What needs to be done » Using the entries that follow, transcribe only the lines from the line with "Os dejamos la" to the line with "ОБЩЕЕ УСТРОЙСТВО ТРАКТОРА Т-150К", both included, exactly as they stand and without pictures.

Listed records section start

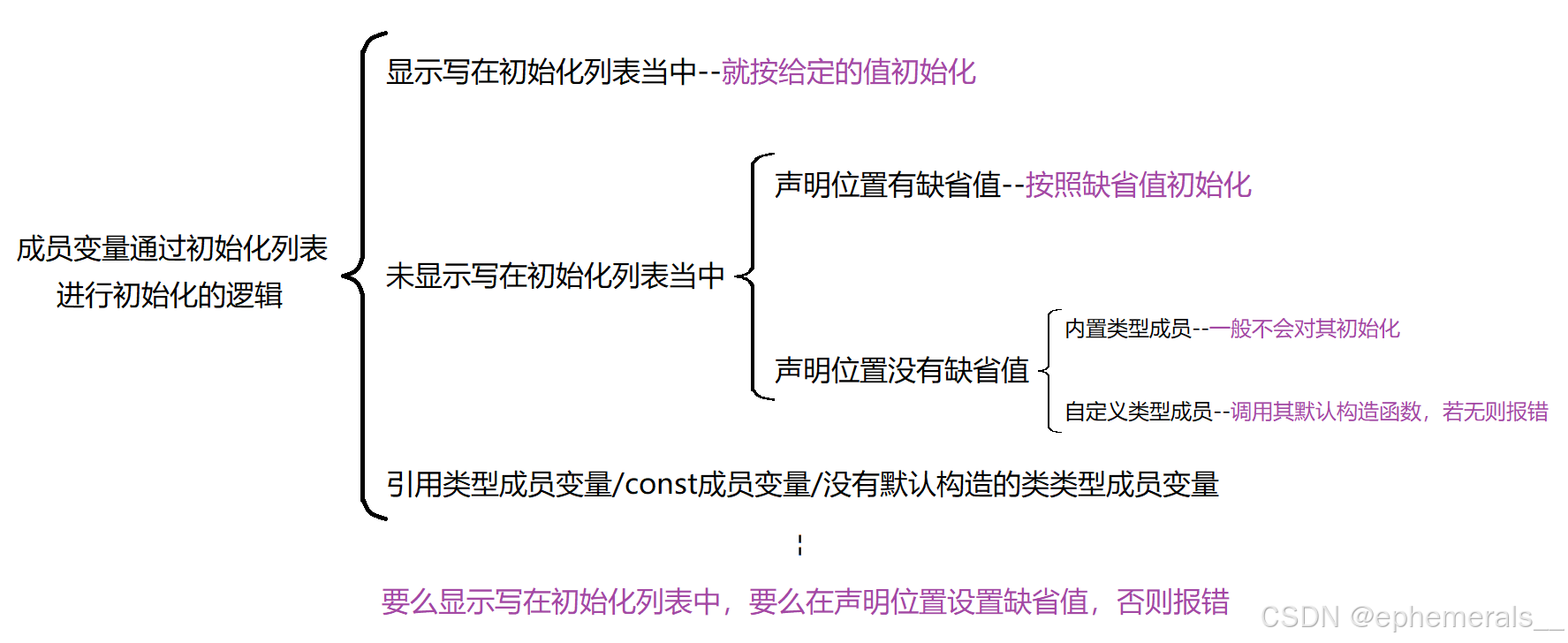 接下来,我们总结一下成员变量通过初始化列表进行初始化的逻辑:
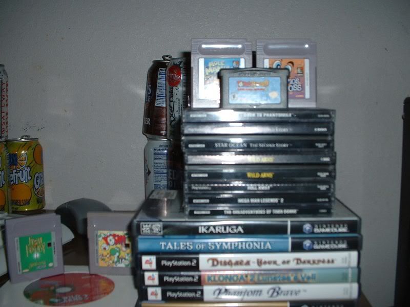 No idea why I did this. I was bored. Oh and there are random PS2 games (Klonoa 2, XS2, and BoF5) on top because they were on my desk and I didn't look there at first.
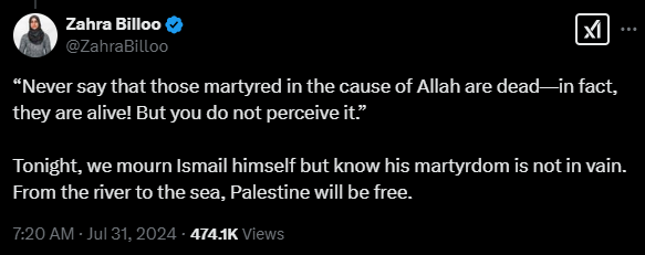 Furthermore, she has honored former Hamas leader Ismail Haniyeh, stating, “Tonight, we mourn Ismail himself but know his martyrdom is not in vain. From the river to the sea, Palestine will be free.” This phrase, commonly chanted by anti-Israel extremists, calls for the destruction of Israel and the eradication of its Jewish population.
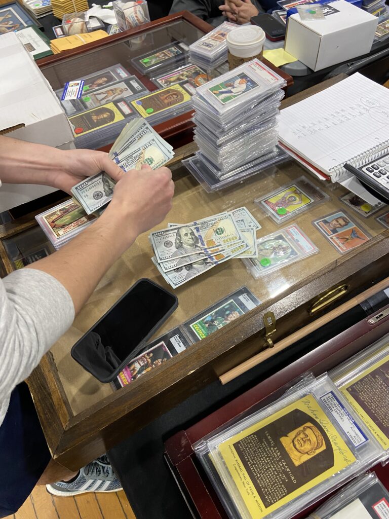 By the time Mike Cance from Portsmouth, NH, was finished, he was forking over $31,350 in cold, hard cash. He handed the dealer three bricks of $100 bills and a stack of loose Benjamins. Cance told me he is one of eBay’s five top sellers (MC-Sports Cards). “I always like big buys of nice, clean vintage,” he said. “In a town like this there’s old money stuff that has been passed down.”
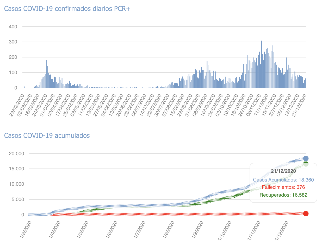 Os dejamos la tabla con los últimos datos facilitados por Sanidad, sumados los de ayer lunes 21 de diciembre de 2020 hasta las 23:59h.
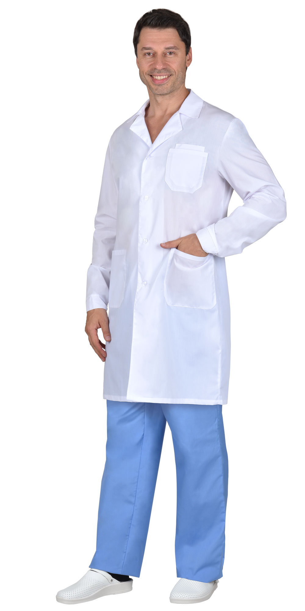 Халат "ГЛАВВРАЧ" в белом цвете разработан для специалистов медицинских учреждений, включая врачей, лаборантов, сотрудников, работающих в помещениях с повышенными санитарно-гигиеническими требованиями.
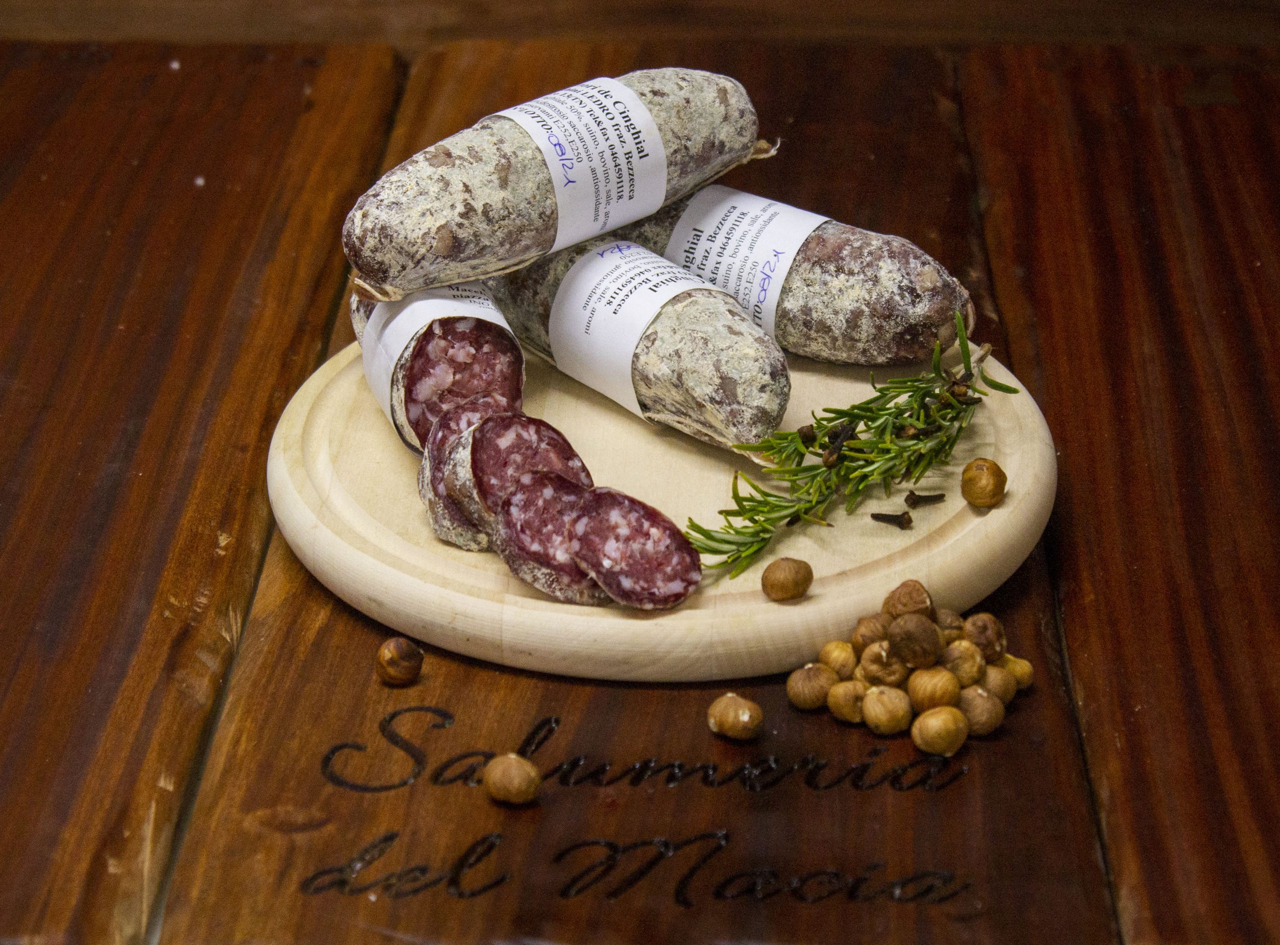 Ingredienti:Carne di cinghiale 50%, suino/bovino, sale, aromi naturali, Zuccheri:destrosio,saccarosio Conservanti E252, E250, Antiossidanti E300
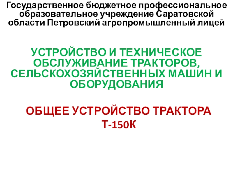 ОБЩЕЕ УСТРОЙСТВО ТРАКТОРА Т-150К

Listed records section end
Listed records section start

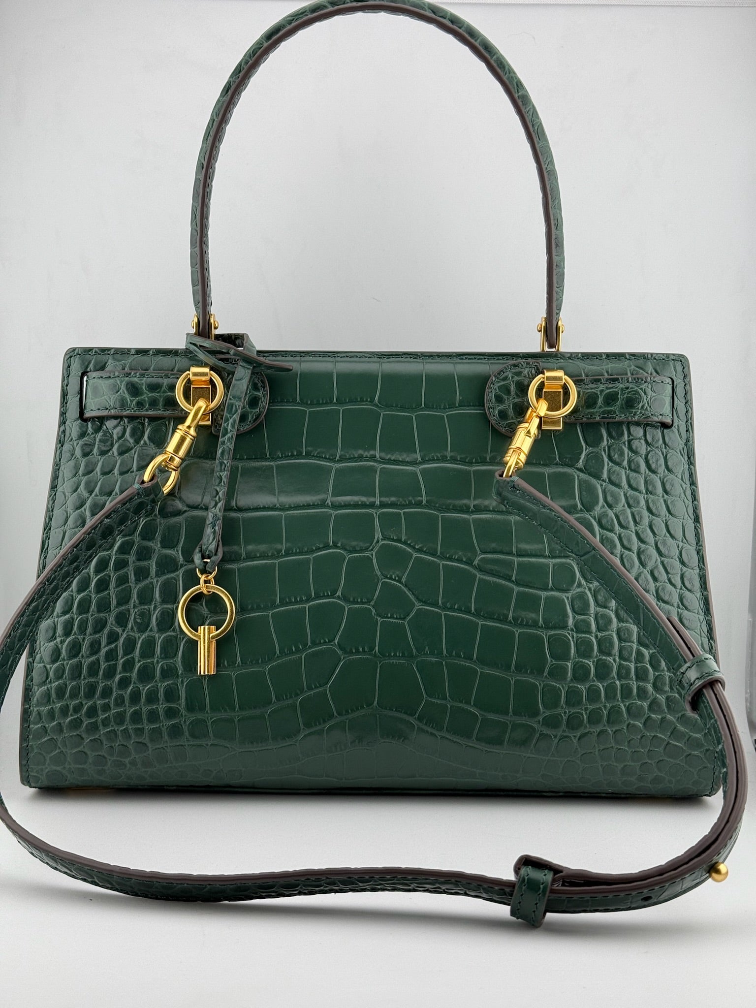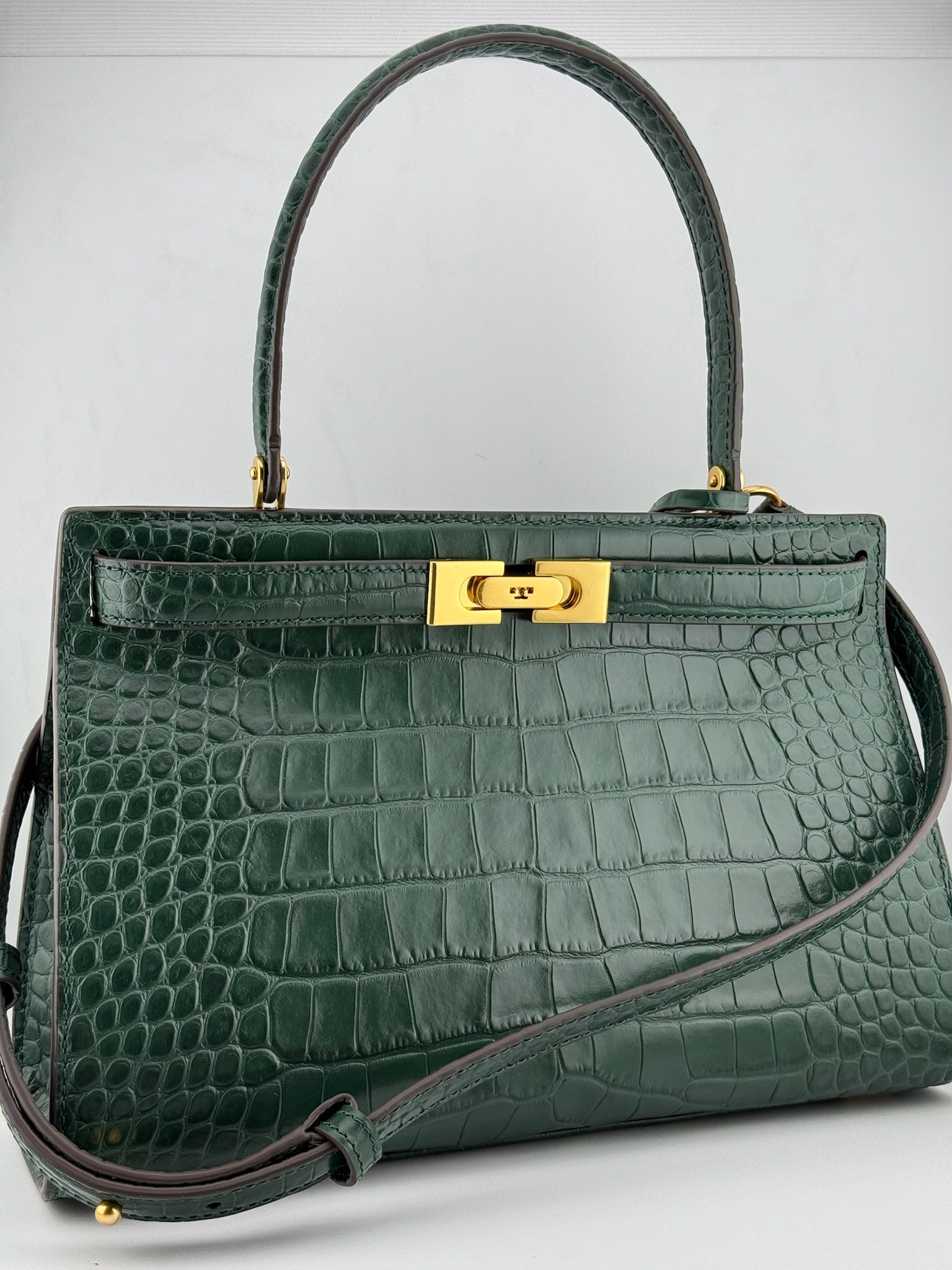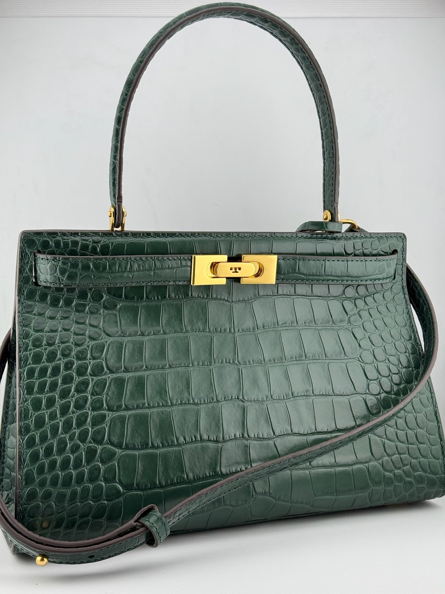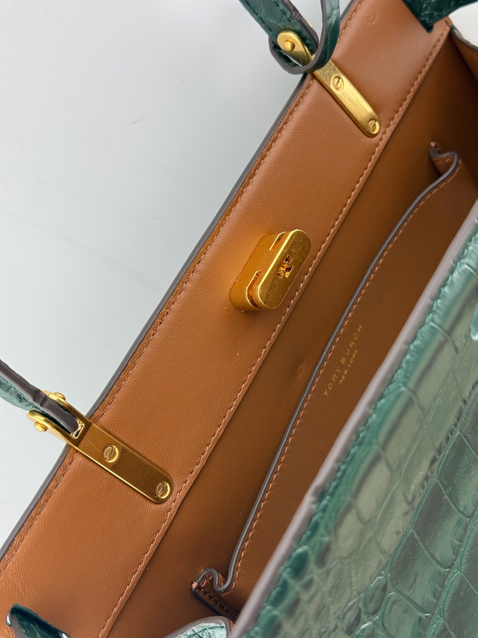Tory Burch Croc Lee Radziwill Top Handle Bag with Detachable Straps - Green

Listed records section end

Exercise output »
 Os dejamos la tabla con los últimos datos facilitados por Sanidad, sumados los de ayer lunes 21 de diciembre de 2020 hasta las 23:59h.
 Халат "ГЛАВВРАЧ" в белом цвете разработан для специалистов медицинских учреждений, включая врачей, лаборантов, сотрудников, работающих в помещениях с повышенными санитарно-гигиеническими требованиями.
 Ingredienti:Carne di cinghiale 50%, suino/bovino, sale, aromi naturali, Zuccheri:destrosio,saccarosio Conservanti E252, E250, Antiossidanti E300
 ОБЩЕЕ УСТРОЙСТВО ТРАКТОРА Т-150К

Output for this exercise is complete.